Proper dosing of quercetin for macular degeneration ranges in the 500-1000mg per day window. This polyphenol is considered safe but you should discuss quercetin supplementation with your healthcare practitioner to make sure there are no contraindications with current medications or medical history.

A randomized controlled trial of quercetin dosages by researchers from the Department of Health, Leisure, and Exercise Science, Appalachian State University, Boone, NC, USA reported,

“In summary, quercetin supplementation in doses of 500 and 1000 mg/day caused large but highly variable increases in plasma quercetin that were unrelated to demographic or lifestyle factors.”

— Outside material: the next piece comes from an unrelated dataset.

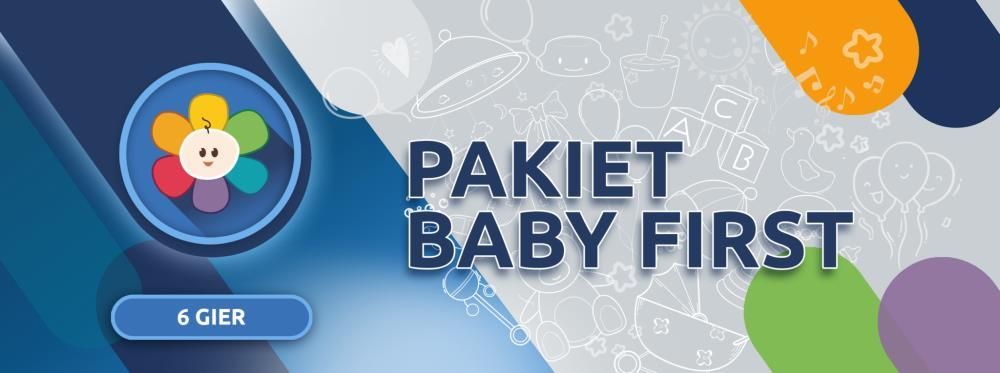 Pakiet Baby First został stworzony we współpracy z amerykańską telewizją Baby First TV. Gry kierowane są głównie do najmłodszych odbiorców. Pakiet Baby First TV zawiera 6 gier, które wprowadzają najmłodszych w świat dźwięków i kolorów. Gry są świetną formą zabawy ruchowej rozwijającej spostrzegawczość i koordynację wzrokowo ruchową. Szczególnie polecany do przedszkoli, żłobków i sal zabaw. 1. PEEK A BOO - A KUKU ( 1-3 os. / 30 sek. / łatwy) Peek a Boo bardzo lubi bawić się w chowanego. Przyjrzyj się dobrze a na pewno go wypatrzysz. Wtedy powiedz „a kuku widzę Cię” i wskocz na niego, ale gdzie się podział Peek a Boo? Poszukamy go razem? 2. TĘCZOWY KOŃ - KOLORY ( 1-4 os. / bez limitu / łatwy) Tęczowy Koń uwielbia malować obrazki swym kolorowym ogonem. Pomóż mu i pomaluj dokładnie wszystkie elementy. Jak Ci się uda pomalować wszystkie elementy, Tęczowy Koń namaluje dla Ciebie piękną kolorową tęczę. 3. MISIA BENIA - DŹWIĘKI (1-3 os. / bez limitu / łatwy) Cześć Misiu Beniu! Pobawimy się w odgadywanie dźwięków? Posłuchaj uważnie i odgadnij co to za dźwięk. Wybierz obrazek, który według Ciebie pasuje do dźwięku. Gotowi? Dobrze, więc bawmy się. 4. SAMMY & EVE - CIEPŁO, ZIMNO (1-10 os. / bez limitu / łatwy) Wiewiórka Sammy ma żołądź, hmm…gdzie by go schować. Już wiem! Ukryję go tutaj. Twoim zadaniem jest pomóc wiewiórce Eve go odnaleźć. Dziecko, które będzie szukać zakrywa oczy, a pozostałe dzieci pomagają w szukaniu mówiąc ciepło-zimno. Kiedy odnajdziemy żołądź klaszczemy w dłonie. Zagramy razem? 5. KACZUSZKA TILLY - ZWIERZĘTA ( 1-10 os. / bez limitu / łatwy) Cześć jestem kaczuszka Tilly, to jest mój dom. Odwiedzają mnie tu moi przyjaciele. Bardzo lubię się z nimi bawić. Hmm…a co to za dźwięk? Ktoś przyszedł mnie odwiedzić, bardzo ciekawe kto to też może być. Pomożecie mi odgadnąć jakie zwierzątko czeka za drzwiami? Posłuchajmy razem. 6. GOO GOO - SAMOCHODY ( 1-4 os. / bez limitu / łatwy) Mały niebieski GooGoo bardzo lubi rysować samochody. Czasami jego rysunki wyskakują z kartki i uciekają na wszystkie strony. Pomożesz je złapać zanim odjadą?

Through foods high in quercetin and a daily quercetin supplement the laboratory results speak for themselves when it comes to this flavonoid benefitting macular degeneration treatment.

The Institute of Ocular Pharmacology, Texas A&M Health Science Center, College Station, TX conducted research titled, ‘Effect of quercetin on formation of choroidal neovascularization (CNV) in age-related macular degeneration(AMD)’ finding that,

“Quercetin inhibited the formation of CNV both in vivo and in vitro and increased choroidal blood flow. It could become a promising candidate for the treatment of AMD.”

Consider quercetin for macular degeneration. It could be an excellent addition to your health boosting regiment for more ocular health. Increasing quercetin just may hold off AMD symptoms or possibly even help slow down progression to keep you seeing life as long as possible.